Даже на улице, которой вот так попользовались, случится один час, одно окрашенное предвечерье (рыже-бурое, невозможного цвета каменноугольной смолы, совершенно прозрачное) или один дождливый день, что распогодится перед сном, а во дворе одна шток-роза кружит на ветру, освеженная каплями дождя, такими жирными, что пожевать можно… одно лицо у длинной стены из песчаника, а по ту сторону шаркают лошади, шлаки войны, один пробор, вброшенный в синие тени, когда она повернула голову и взметнулась прядь, — один автобус лиц, что катит в ночи, и все спят на тихой площади, кроме водителя, в карауле Ortsschutz[391] каком-то буром, официальном на вид мундире, старый маузер в положении «на ремень», грезы не о супостате снаружи, в болоте или тени, но о доме и постели, вот он гуляет с гражданским своим приятелем, который не при исполнении, все равно не уснуть, под деревьями, что напитались дорожной пылью и ночью, в их тенях на тротуаре, наигрывает на губной гармонике… мимо череды лиц в автобусе, позеленевших, как утопленники, бессонных, оголодавших по куреву, напуганных — не завтрашним днем, пока еще нет, но этой задержкой в ночном перегоне и тем, как легко все потерять и как будет больно…

Хоть один миг перехода, один миг, который больно потерять, должен найтись на каждой улице, что ныне равнодушно посерела торгашеством, войной, подавлением… отыскать его, научиться лелеять утраченное, — разве не сможем мы отыскать дорогу назад?

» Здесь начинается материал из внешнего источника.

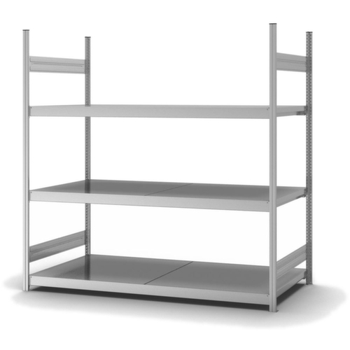 de belangrijkste maten van de hofe breedvakstelling in één oogopslag:3 niveaus met Stalen bodem. vakhoogtes zijn afhankelijk van het doel en uw behoeften verstelbaar in stappen van 25 mm. gebruik tweezijdig - flexibele opstelling vrijstaand in de ruimte mogelijk. Door gegolfde verbindingsplaten in de diepterichting en stalen voetplaten staat de stelling zeer stevig. De profielafdekkappen bovenaan zorgen voor een nette afwerking. constructie van staal, staanders met corrosiebeschermende zinklaag, niveaus met corrosiebeschermende zinklaag,

На одной такой улице в утреннем тумане к двум скользким булыжникам прилип обрывок газетной шапки с факсимиле снимка: прямо вниз, из белого лобкового куста в небесах свесился гигантский белый хуй. Наверху буквы

МБА СБРО

ИРОСИ

с логотипом некоей оккупационной газеты — шикарная улыбчивая девчонка верхом на танковой пушке, стальном пенисе со щелястой змеиной головкой, гусеницы в треугольнике 3-й Бронетанковой на свитере, что вздымается у девчонки на сиськах. Логики, самодовольного «ты-только-на-меня-глянь» в белой картинке — что в Кресте. Не просто внезапная белая генитальная атака в небесах — это еще, кажись, Древо…

Ленитроп сидит на бордюре, смотрит на картинку, и на буквы, и на девчонку со стальным хуем, что машет привет ребятки, а утро отбеливает дымку, и фигуры с тележками, или с собаками, или с велосипедами движутся мимо серо-бурыми силуэтами, сопят, коротко здороваются — голоса расплющены туманом, — уходят. Он не помнит, чтоб так долго сидел на бордюре, глядя на картинку. И однако же.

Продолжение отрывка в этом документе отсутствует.